*SUPPLIED DATA*:
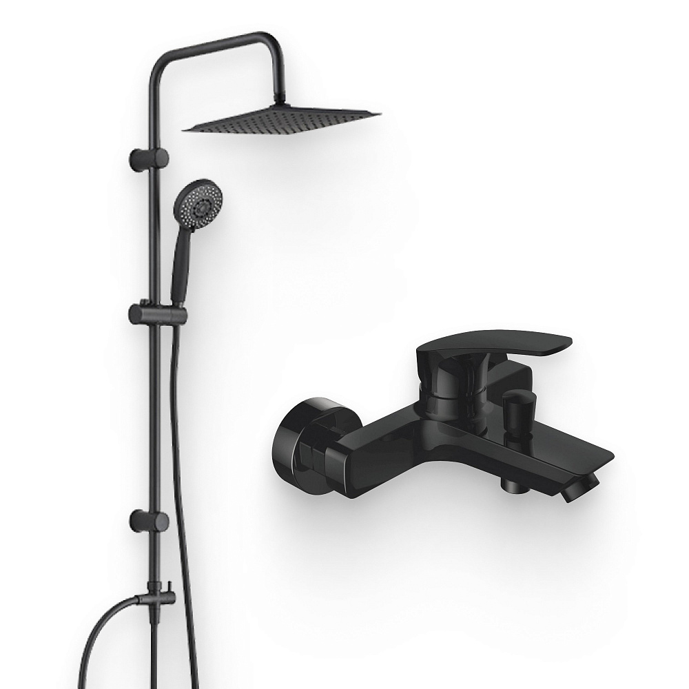 Душевой комплект Смеситель Aquanet Static AF330-20B + Стойка Passion AF300-70-S-B
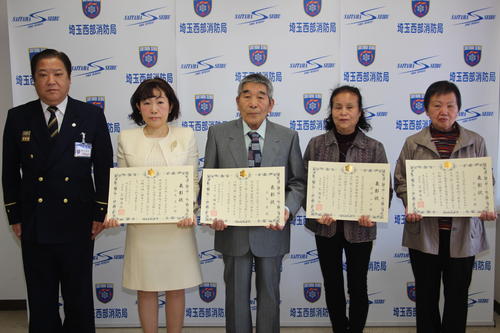 平成29年3月17日12時35分頃、所沢市中富地内の墓地において発生した火災に際し、 異変に気づいた旭寝具株式会社の高木甫氏、 高木美江氏、安田アサ氏、古川文子氏、火災現場に居合わせた小林岳史氏の5名により、迅速な119番通報及び初期消火が行われました。
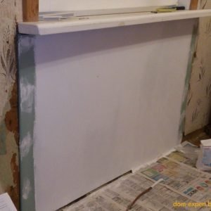 Снаружи закрыл стену гидроветрозащитной мембраной, хотя это кому-то покажется лишним. Набил обрешетку под вентфасад – в дальнейшем думаю обшить пристройку имитацией бруса. Изнутри пристройку планировалось зашить гипсоволоконными плитами, но в Солигорске такого материала в продаже не оказалось. Везти же их на наемном транспорте из Минска в Солигорский район экономически не выгодно. Поэтому зашивал стены доступным влагостойким ГКЛ. До момента обшивки предусмотрел отверстие для дымохода турбированного газового котла (Vaillant, 24 кВт). Сразу поставил гильзу с запасом, чтобы сделать надежную теплоизоляцию вокруг трубы. Все стыки с пароизоляцией проклеены алюминиевым скотчем. Сейчас стены пристройки частично облицованы плиткой, котел установлен и запущен 30 декабря 2015 года. Потолок в пристройке подвесной из гипсокартона. Под ним спрятал все кабеля в гофре. В санузле уже установлена и работает сантехника.

*EXERCISE*: Please retype all of the material exactly, skipping whatever images it holds.

*RESPONSE AREA*:
 Душевой комплект Смеситель Aquanet Static AF330-20B + Стойка Passion AF300-70-S-B
 平成29年3月17日12時35分頃、所沢市中富地内の墓地において発生した火災に際し、 異変に気づいた旭寝具株式会社の高木甫氏、 高木美江氏、安田アサ氏、古川文子氏、火災現場に居合わせた小林岳史氏の5名により、迅速な119番通報及び初期消火が行われました。
 Снаружи закрыл стену гидроветрозащитной мембраной, хотя это кому-то покажется лишним. Набил обрешетку под вентфасад – в дальнейшем думаю обшить пристройку имитацией бруса. Изнутри пристройку планировалось зашить гипсоволоконными плитами, но в Солигорске такого материала в продаже не оказалось. Везти же их на наемном транспорте из Минска в Солигорский район экономически не выгодно. Поэтому зашивал стены доступным влагостойким ГКЛ. До момента обшивки предусмотрел отверстие для дымохода турбированного газового котла (Vaillant, 24 кВт). Сразу поставил гильзу с запасом, чтобы сделать надежную теплоизоляцию вокруг трубы. Все стыки с пароизоляцией проклеены алюминиевым скотчем. Сейчас стены пристройки частично облицованы плиткой, котел установлен и запущен 30 декабря 2015 года. Потолок в пристройке подвесной из гипсокартона. Под ним спрятал все кабеля в гофре. В санузле уже установлена и работает сантехника.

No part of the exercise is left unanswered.